*** Block opens ***

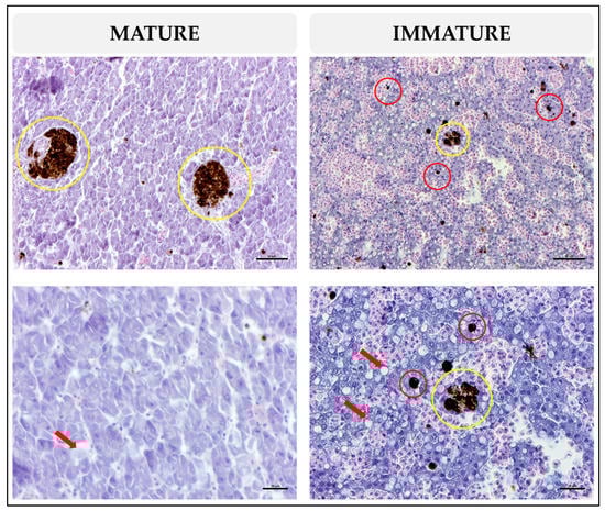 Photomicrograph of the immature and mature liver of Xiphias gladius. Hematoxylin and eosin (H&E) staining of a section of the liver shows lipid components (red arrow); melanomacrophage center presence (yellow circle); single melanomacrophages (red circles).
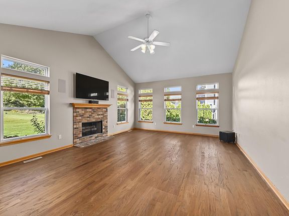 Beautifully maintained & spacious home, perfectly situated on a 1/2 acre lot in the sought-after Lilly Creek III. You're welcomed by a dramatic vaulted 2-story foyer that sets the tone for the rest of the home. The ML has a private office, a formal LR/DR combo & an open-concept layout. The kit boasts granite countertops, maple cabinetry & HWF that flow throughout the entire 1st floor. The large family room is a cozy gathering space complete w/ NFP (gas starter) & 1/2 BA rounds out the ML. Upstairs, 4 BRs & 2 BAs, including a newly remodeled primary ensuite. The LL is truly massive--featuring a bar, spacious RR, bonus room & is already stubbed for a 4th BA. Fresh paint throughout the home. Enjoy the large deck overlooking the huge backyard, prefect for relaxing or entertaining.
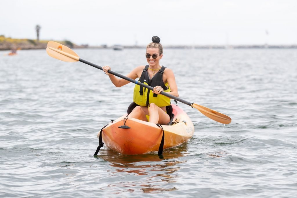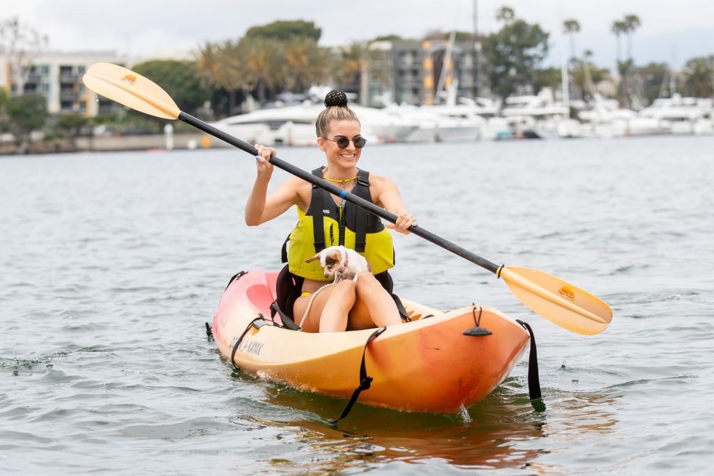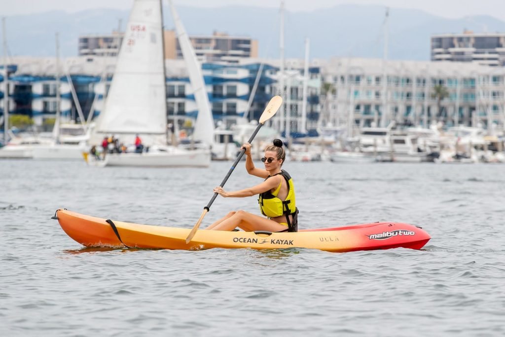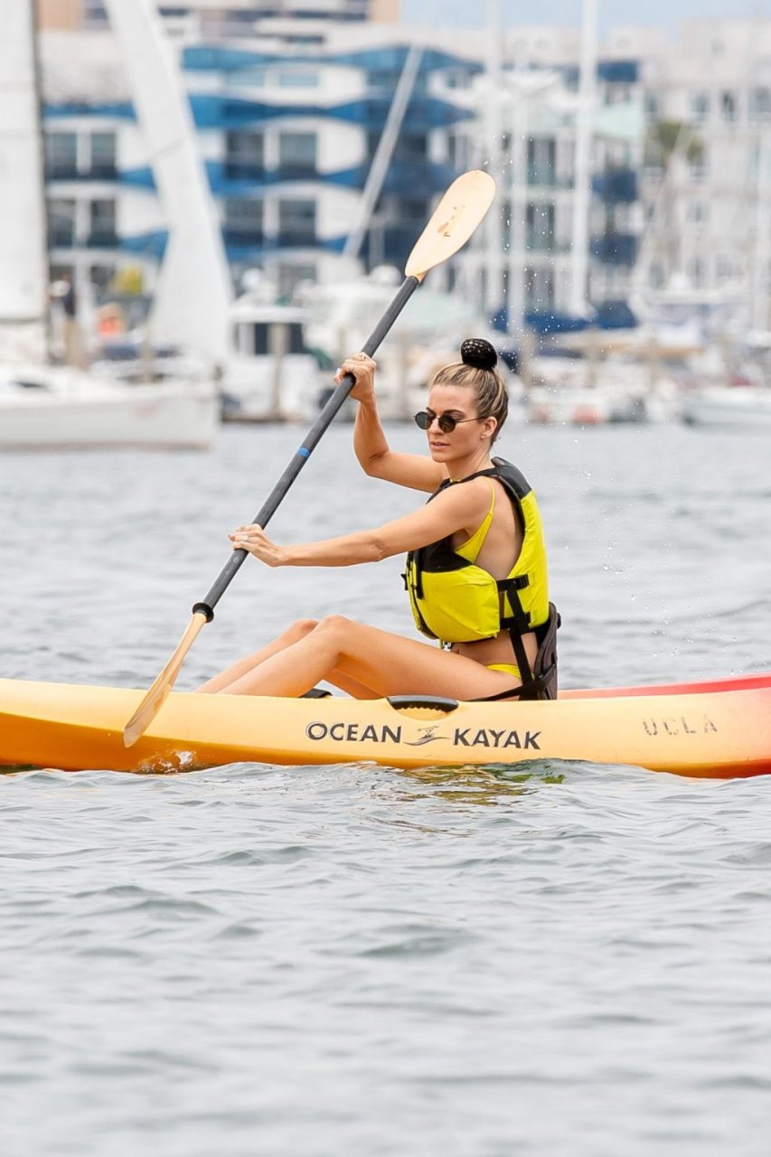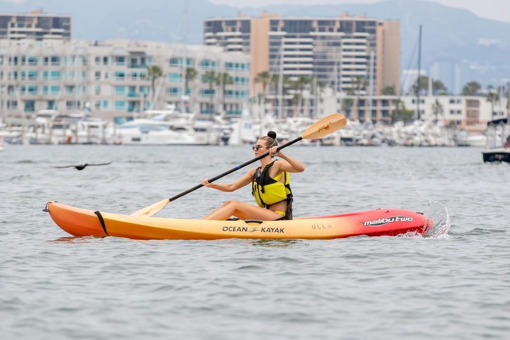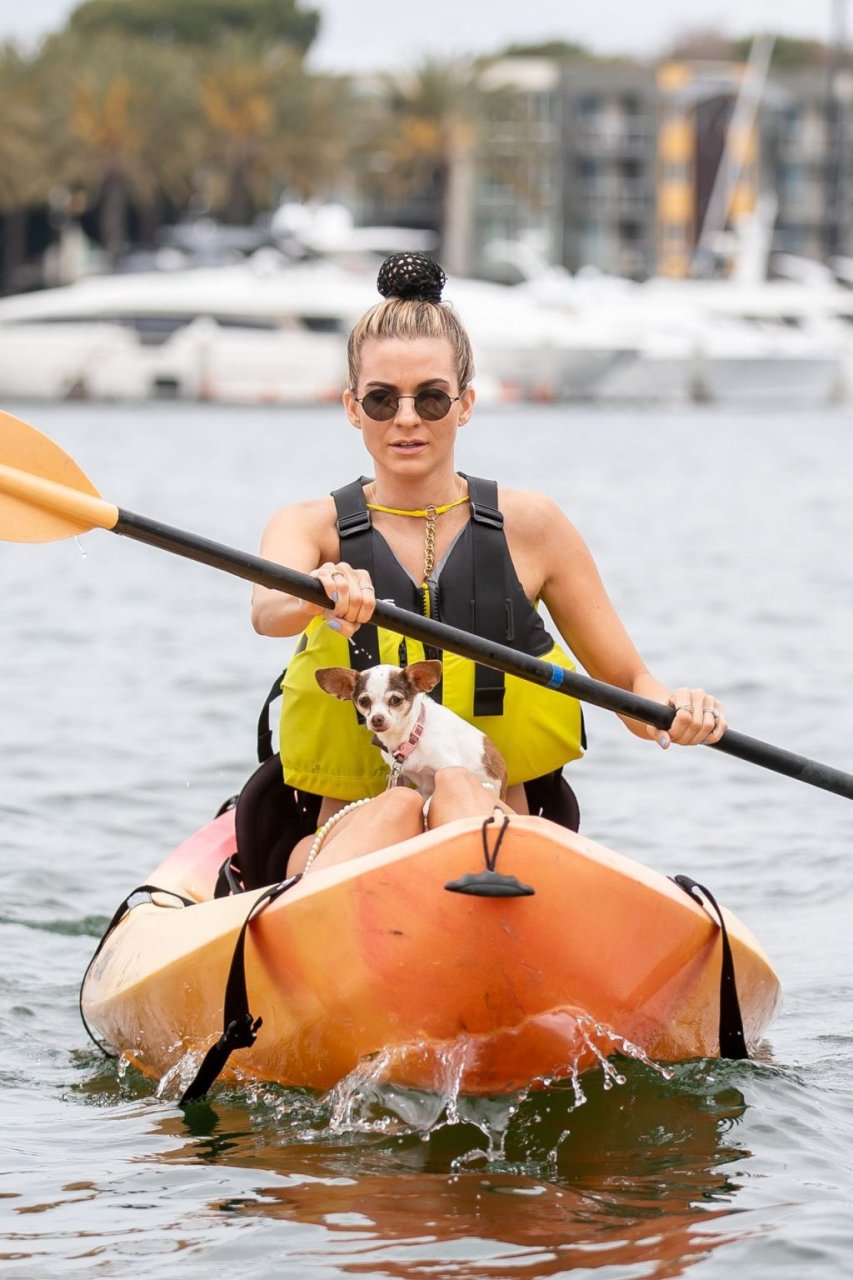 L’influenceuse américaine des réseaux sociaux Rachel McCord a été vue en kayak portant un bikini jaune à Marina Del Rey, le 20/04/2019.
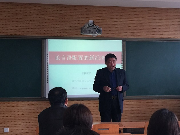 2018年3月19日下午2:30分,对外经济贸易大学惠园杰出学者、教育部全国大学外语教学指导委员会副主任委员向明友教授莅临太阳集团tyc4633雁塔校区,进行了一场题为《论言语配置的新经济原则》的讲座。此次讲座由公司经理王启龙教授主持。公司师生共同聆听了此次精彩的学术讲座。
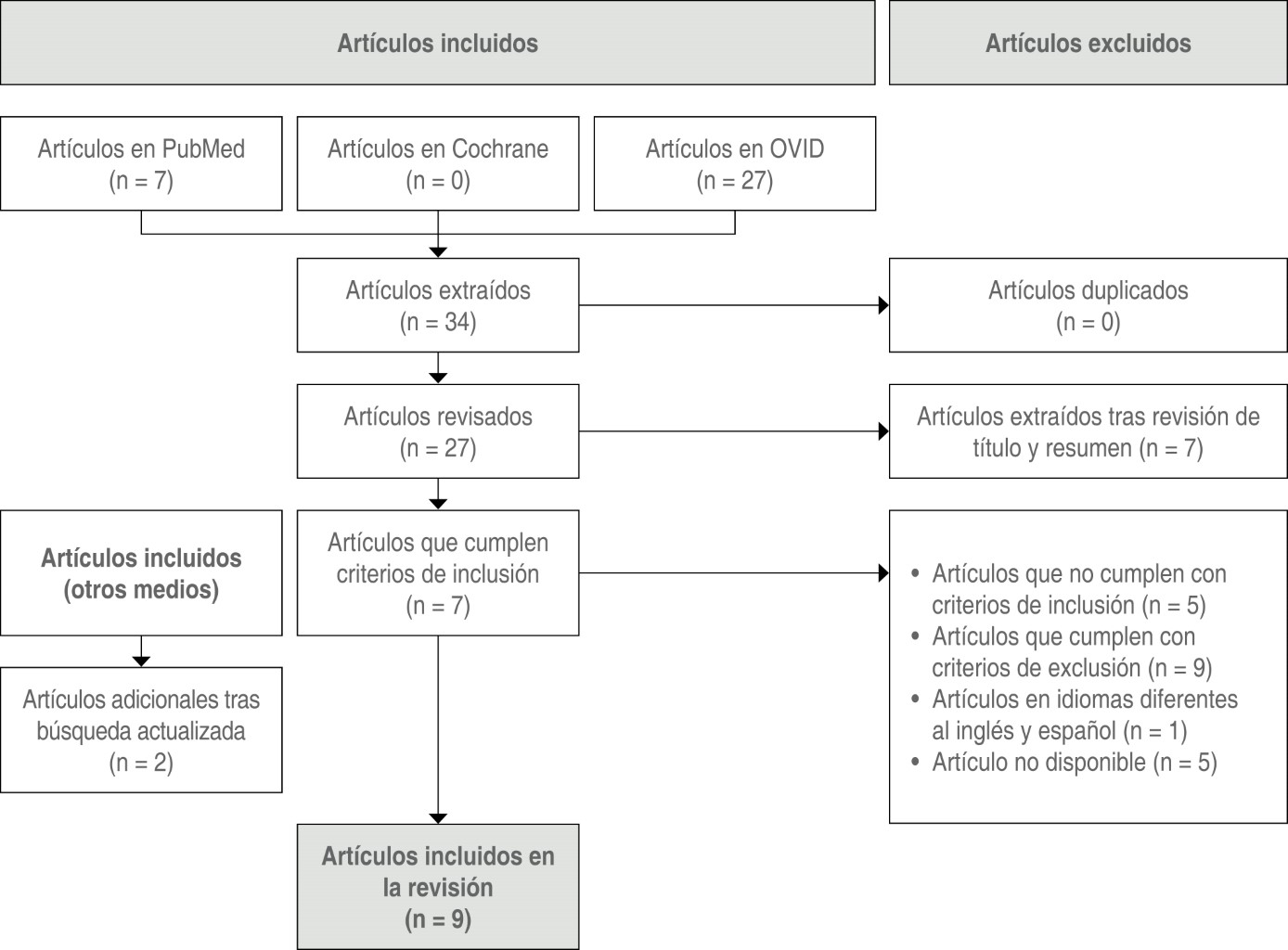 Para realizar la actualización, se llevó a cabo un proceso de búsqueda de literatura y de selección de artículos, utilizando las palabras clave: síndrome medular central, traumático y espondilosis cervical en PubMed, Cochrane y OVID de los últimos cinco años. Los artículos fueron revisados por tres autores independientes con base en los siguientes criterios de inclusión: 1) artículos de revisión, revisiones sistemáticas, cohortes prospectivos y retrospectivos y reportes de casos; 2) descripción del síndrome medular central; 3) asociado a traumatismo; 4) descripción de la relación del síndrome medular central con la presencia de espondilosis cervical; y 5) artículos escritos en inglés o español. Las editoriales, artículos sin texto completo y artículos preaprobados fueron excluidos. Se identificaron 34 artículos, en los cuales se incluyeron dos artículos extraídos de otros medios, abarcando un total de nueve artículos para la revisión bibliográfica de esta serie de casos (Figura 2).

*** Block closes ***

§ Task goal: The answer must be the data above, repeated exactly, with no pictures.

§ Response to the task:
 Photomicrograph of the immature and mature liver of Xiphias gladius. Hematoxylin and eosin (H&E) staining of a section of the liver shows lipid components (red arrow); melanomacrophage center presence (yellow circle); single melanomacrophages (red circles).
 Beautifully maintained & spacious home, perfectly situated on a 1/2 acre lot in the sought-after Lilly Creek III. You're welcomed by a dramatic vaulted 2-story foyer that sets the tone for the rest of the home. The ML has a private office, a formal LR/DR combo & an open-concept layout. The kit boasts granite countertops, maple cabinetry & HWF that flow throughout the entire 1st floor. The large family room is a cozy gathering space complete w/ NFP (gas starter) & 1/2 BA rounds out the ML. Upstairs, 4 BRs & 2 BAs, including a newly remodeled primary ensuite. The LL is truly massive--featuring a bar, spacious RR, bonus room & is already stubbed for a 4th BA. Fresh paint throughout the home. Enjoy the large deck overlooking the huge backyard, prefect for relaxing or entertaining.
 L’influenceuse américaine des réseaux sociaux Rachel McCord a été vue en kayak portant un bikini jaune à Marina Del Rey, le 20/04/2019.
 2018年3月19日下午2:30分,对外经济贸易大学惠园杰出学者、教育部全国大学外语教学指导委员会副主任委员向明友教授莅临太阳集团tyc4633雁塔校区,进行了一场题为《论言语配置的新经济原则》的讲座。此次讲座由公司经理王启龙教授主持。公司师生共同聆听了此次精彩的学术讲座。
 Para realizar la actualización, se llevó a cabo un proceso de búsqueda de literatura y de selección de artículos, utilizando las palabras clave: síndrome medular central, traumático y espondilosis cervical en PubMed, Cochrane y OVID de los últimos cinco años. Los artículos fueron revisados por tres autores independientes con base en los siguientes criterios de inclusión: 1) artículos de revisión, revisiones sistemáticas, cohortes prospectivos y retrospectivos y reportes de casos; 2) descripción del síndrome medular central; 3) asociado a traumatismo; 4) descripción de la relación del síndrome medular central con la presencia de espondilosis cervical; y 5) artículos escritos en inglés o español. Las editoriales, artículos sin texto completo y artículos preaprobados fueron excluidos. Se identificaron 34 artículos, en los cuales se incluyeron dos artículos extraídos de otros medios, abarcando un total de nueve artículos para la revisión bibliográfica de esta serie de casos (Figura 2).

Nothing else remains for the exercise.